(Data extracted from a collection)
- - - - - - -
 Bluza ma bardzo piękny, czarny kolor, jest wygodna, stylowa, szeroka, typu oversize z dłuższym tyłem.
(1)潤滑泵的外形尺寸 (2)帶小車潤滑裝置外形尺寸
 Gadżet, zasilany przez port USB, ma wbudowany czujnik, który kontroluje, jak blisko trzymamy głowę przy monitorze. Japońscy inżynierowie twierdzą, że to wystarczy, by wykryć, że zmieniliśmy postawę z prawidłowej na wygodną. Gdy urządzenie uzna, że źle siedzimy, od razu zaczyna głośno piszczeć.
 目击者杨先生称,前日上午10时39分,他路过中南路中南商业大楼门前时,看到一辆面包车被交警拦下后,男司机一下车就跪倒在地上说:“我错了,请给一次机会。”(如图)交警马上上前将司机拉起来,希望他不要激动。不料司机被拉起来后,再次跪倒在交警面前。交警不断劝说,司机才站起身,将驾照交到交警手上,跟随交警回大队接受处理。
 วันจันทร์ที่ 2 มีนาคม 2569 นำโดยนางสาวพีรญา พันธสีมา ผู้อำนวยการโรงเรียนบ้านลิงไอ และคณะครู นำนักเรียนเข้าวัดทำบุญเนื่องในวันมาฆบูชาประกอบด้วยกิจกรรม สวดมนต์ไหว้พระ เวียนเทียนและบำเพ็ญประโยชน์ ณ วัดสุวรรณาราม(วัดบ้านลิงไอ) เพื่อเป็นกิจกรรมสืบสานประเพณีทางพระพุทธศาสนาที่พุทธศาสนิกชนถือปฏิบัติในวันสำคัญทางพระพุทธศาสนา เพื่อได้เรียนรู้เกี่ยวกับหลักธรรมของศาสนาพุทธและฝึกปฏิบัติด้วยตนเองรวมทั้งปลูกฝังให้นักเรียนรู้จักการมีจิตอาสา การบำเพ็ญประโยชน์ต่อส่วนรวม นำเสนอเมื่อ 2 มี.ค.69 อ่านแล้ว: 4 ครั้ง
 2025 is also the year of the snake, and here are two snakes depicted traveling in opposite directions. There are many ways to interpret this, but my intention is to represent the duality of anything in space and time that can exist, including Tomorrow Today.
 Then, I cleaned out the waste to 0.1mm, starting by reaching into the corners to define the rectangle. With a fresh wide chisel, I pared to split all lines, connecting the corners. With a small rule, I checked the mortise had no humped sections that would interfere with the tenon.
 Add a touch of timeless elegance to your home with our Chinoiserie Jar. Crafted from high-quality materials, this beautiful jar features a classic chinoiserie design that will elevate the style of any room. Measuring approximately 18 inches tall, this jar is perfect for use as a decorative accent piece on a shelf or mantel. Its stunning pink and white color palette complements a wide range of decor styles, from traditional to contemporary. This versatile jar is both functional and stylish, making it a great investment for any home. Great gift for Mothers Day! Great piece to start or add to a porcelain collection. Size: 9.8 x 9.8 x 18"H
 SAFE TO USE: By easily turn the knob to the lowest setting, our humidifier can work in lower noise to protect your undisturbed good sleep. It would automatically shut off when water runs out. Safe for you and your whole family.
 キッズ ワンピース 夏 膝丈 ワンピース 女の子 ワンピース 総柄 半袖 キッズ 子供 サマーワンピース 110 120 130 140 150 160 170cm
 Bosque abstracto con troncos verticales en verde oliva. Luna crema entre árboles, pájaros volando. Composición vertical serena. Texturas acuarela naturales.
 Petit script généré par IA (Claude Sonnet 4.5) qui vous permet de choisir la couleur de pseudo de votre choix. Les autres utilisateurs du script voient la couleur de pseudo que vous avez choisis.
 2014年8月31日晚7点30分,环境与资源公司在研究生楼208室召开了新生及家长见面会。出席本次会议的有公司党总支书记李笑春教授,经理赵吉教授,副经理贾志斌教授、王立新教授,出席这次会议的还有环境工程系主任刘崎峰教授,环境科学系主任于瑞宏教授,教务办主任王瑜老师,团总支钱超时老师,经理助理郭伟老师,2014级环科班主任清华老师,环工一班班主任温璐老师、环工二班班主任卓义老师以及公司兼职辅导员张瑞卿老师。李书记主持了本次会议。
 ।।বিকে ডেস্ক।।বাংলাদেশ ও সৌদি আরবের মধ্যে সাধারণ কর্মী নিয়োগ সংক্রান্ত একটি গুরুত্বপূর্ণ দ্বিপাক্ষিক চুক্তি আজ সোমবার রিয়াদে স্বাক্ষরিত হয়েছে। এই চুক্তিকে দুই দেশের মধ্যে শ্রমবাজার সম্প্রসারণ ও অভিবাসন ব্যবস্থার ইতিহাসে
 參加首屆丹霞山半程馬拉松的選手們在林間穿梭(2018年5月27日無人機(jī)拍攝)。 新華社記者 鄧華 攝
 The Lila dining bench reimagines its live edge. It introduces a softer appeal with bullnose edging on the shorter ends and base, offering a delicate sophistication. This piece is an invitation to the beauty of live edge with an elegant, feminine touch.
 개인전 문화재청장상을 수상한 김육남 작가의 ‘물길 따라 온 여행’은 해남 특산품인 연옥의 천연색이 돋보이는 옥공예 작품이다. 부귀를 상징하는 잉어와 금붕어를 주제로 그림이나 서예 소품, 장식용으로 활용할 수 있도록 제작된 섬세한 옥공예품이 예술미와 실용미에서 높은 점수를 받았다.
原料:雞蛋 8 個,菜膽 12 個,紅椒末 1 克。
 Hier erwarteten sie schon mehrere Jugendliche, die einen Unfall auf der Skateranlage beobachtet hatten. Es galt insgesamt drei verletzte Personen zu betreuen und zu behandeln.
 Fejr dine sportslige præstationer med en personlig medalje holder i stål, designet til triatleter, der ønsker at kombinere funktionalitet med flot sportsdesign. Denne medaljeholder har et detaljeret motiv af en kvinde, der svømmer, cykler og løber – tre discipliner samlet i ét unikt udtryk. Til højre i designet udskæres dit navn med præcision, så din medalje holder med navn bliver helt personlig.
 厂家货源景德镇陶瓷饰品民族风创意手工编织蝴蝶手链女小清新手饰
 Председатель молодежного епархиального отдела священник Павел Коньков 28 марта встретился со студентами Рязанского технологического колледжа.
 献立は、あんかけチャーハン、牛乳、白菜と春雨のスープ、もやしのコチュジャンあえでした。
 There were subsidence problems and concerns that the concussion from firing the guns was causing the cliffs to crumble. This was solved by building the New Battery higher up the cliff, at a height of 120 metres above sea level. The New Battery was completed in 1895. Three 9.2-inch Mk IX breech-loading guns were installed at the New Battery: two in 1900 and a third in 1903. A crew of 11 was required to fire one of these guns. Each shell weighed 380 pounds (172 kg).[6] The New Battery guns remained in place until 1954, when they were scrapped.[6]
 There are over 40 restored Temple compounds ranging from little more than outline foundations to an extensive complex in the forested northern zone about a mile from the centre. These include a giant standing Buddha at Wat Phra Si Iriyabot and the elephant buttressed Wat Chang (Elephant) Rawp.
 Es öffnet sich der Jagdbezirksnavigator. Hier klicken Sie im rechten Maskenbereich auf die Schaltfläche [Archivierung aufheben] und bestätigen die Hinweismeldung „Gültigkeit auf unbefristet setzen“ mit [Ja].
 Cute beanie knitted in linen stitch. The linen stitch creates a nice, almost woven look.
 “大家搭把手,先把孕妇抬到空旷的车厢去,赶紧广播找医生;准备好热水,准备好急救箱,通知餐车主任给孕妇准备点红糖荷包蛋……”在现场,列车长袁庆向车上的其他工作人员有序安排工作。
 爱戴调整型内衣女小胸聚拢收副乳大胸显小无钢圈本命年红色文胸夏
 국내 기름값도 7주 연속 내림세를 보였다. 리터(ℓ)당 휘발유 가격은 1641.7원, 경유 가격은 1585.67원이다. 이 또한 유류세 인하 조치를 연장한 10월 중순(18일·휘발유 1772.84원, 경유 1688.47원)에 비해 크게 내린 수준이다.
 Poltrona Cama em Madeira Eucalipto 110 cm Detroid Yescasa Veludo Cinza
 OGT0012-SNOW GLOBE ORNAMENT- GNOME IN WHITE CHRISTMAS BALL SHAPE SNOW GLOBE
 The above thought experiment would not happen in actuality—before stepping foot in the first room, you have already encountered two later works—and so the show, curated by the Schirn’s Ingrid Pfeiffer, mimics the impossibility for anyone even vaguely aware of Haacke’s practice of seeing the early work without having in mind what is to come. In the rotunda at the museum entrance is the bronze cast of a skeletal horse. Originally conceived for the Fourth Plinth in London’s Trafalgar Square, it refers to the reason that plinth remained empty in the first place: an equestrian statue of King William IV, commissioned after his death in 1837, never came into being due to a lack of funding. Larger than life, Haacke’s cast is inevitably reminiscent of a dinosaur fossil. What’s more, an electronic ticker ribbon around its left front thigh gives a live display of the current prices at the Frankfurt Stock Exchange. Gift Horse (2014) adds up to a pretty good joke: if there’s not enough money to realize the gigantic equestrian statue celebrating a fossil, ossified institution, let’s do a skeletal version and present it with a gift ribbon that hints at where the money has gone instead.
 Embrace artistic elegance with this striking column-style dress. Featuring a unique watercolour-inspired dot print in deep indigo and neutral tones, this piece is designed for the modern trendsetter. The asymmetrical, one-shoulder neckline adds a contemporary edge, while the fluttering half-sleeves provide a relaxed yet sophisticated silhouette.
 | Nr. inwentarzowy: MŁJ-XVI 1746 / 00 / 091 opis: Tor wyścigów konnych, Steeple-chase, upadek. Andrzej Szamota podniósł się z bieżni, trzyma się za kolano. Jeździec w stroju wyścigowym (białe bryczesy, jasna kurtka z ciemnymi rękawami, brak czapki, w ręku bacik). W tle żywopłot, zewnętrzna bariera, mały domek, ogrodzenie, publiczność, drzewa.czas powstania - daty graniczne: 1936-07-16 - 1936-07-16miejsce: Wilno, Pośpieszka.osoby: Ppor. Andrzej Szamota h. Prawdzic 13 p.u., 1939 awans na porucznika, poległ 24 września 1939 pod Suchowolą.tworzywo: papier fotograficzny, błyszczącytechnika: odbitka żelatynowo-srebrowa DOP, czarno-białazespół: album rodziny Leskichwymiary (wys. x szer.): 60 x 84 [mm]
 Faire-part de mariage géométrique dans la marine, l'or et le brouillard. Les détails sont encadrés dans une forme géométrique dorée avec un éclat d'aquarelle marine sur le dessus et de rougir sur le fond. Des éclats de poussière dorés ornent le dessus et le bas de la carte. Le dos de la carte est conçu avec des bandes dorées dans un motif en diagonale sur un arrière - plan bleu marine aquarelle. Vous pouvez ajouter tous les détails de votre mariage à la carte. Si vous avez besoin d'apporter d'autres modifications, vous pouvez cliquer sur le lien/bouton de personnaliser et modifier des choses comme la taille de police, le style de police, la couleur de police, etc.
- - - - - - -
◆ **TASK STATEMENT**:
Going through the entries above, count the lines that include "edge" and state only the result.

◆ **SOLVED PROBLEM**:
2